Maine: Calls Needed to Preserve Traditional Marriage

Dear HSLDA members and friends,

Representative Boyd Marley has introduced a bill that is a direct attack on marriage in Maine. This bill must be stopped!

According to the official legislative summary of L.D. 779, "This bill removes the authorization of clergy members to solemnize marriages." Instead, only judges, lawyers, or notaries public would be permitted to conduct marriages in the state of Maine.

This bill is scheduled for a hearing before the Joint Standing Committee on the Judiciary tomorrow in State House Room 438 at 1 p.m.

REQUESTED ACTION:

1. Please call the Judiciary Committee at (207) 287-1327 as soon as possible and in your own words give them the following message:

"Please oppose L.D. 779, which would prevent clergy from performing weddings in this state. This bill is an unwarranted attack on marriage."

You do not need to identify yourself as a homeschooler.

2. Come to the hearing on Tuesday afternoon and testify.

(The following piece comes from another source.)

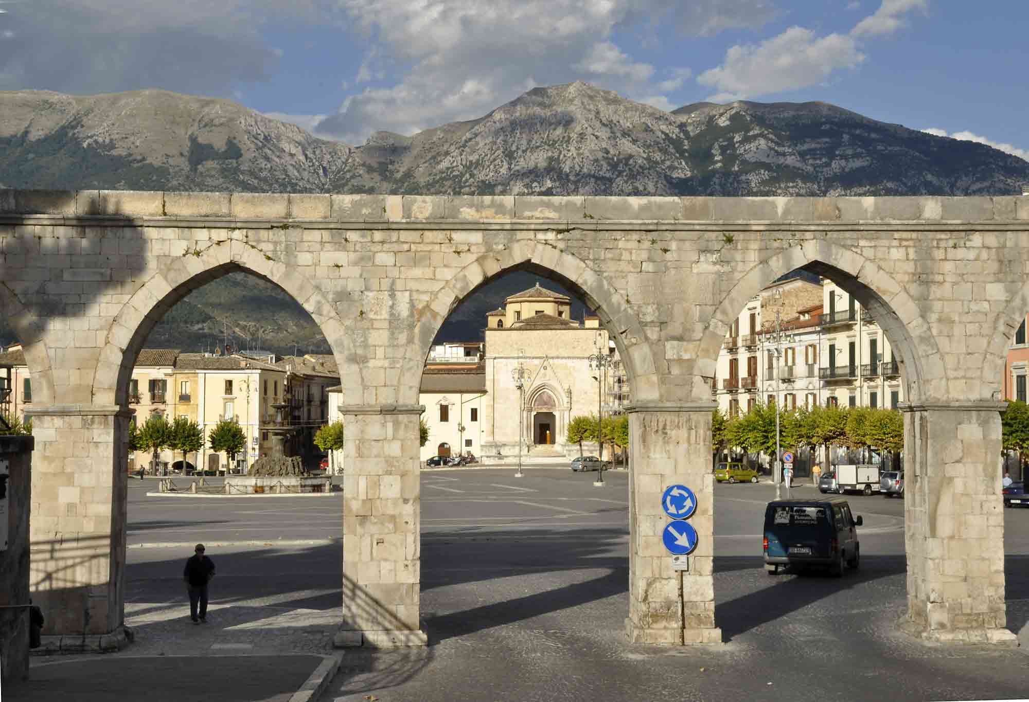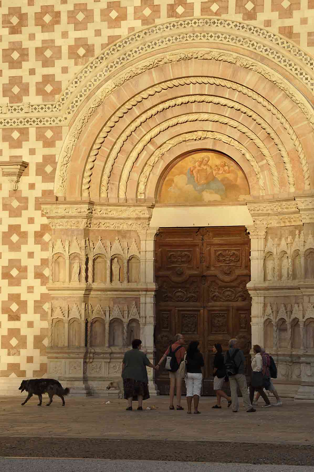 Kolejny dzień to znowu transfer ze zwiedzaniem. Najpierw – leżące jeszcze w Marche, nad rzeką Tronto miasto Ascoli Piceno – z rzymskim mostem i wspaniałymi zabytkami od średniowiecza do baroku; następnie – wąwóz Salinello ( już należący do Parku Narodowego Gran Sasso e Monti della Laga) z pozostałościami jaskiniowej pustelni; wreszcie – Aquila, stolica Abruzji. Wizyta w Aquili, mieście zrujnowanym przez trzęsienie ziemi i w znacznej mierze opustoszałym była ciekawa, ale i przygnębiająca.

3. Pass this email on as quickly as possible to other homeschoolers and people who are interested in supporting marriage.

BACKGROUND:

This bill is an attack on traditional marriage. According to the United States Supreme Court in Troxel v. Granville, parental rights are based on "western civilization concepts of the family." When those concepts are no longer the legal definition of the family in this nation, then the foundation upon which parental rights are based is completely removed. Therefore, HSLDA will continue to fight against laws that change the traditional concept of marriage. Bills like this are an attack on parental rights. This is a battle the homeschooling movement cannot afford to lose.

Thank you for standing with us for freedom.

Darren A. Jones
HSLDA Staff Attorney


----------